On Fri, Feb 18, 2022 at 1:57 PM Juan Quintela <quintela@redhat.com> wrote:
>
> Leonardo Bras <leobras@redhat.com> wrote:
> > Implement zero copy send on nocomp_send_write(), by making use of QIOChannel
> > writev + flags & flush interface.
> >
> > Change multifd_send_sync_main() so flush_zero_copy() can be called
> > after each iteration in order to make sure all dirty pages are sent before
> > a new iteration is started.

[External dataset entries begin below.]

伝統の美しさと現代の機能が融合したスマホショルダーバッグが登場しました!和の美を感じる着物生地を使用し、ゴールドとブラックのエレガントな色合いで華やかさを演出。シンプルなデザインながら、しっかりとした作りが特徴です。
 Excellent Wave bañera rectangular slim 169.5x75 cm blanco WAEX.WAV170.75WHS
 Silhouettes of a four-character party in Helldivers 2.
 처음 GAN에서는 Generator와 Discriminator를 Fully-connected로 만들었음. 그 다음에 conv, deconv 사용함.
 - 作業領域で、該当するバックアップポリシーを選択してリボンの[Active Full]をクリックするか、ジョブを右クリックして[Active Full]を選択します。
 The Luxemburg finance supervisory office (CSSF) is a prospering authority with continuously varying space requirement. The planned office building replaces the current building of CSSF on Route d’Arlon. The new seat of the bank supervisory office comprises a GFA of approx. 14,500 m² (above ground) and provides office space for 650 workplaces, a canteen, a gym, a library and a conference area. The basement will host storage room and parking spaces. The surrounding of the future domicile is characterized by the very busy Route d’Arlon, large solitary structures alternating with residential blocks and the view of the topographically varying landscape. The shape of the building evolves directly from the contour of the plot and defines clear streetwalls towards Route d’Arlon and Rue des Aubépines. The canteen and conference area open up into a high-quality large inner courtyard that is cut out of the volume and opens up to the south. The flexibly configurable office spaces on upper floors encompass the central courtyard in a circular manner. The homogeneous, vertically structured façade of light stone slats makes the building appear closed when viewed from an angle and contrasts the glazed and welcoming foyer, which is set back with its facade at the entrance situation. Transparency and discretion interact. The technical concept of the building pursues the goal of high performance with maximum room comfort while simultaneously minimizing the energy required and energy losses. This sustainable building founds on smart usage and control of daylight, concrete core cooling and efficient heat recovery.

It will also flush at the beginning and at the
> > end of migration.
> >
> > Also make it return -1 if flush_zero_copy() fails, in order to cancel
> > the migration process, and avoid resuming the guest in the target host
> > without receiving all current RAM.
> >
> > This will work fine on RAM migration because the RAM pages are not usually
> > freed,
> > and there is no problem on changing the pages content between
> > writev_zero_copy() and
> > the actual sending of the buffer, because this change will dirty the page
> > and
> > cause it to be re-sent on a next iteration anyway.
> >
> > A lot of locked memory may be needed in order to use multid migration
> ^^^^^^
> multifd.
>
> I can fix it on the commit.
No worries, fixed for v9.
>
>
> > @@ -1479,7 +1479,16 @@ static bool migrate_params_check(MigrationParameters
> > *params, Error **errp)
> > error_prepend(errp, "Invalid mapping given for
> > block-bitmap-mapping: ");
> > return false;
> > }
> > -
> > +#ifdef CONFIG_LINUX
> > + if (params->zero_copy_send &&
> > + (!migrate_use_multifd() ||
> > + params->multifd_compression != MULTIFD_COMPRESSION_NONE ||
> > + (params->tls_creds && *params->tls_creds))) {
> > + error_setg(errp,
> > + "Zero copy only available for non-compressed non-TLS
> > multifd migration");
> > + return false;
> > + }
> > +#endif
> > return true;
> > }
>
> Test is long, but it is exactly what we need. Good.
Thanks!
>
>
> >
> > diff --git a/migration/multifd.c b/migration/multifd.c
> > index 43998ad117..2d68b9cf4f 100644
> > --- a/migration/multifd.c
> > +++ b/migration/multifd.c
> > @@ -568,19 +568,28 @@ void multifd_save_cleanup(void)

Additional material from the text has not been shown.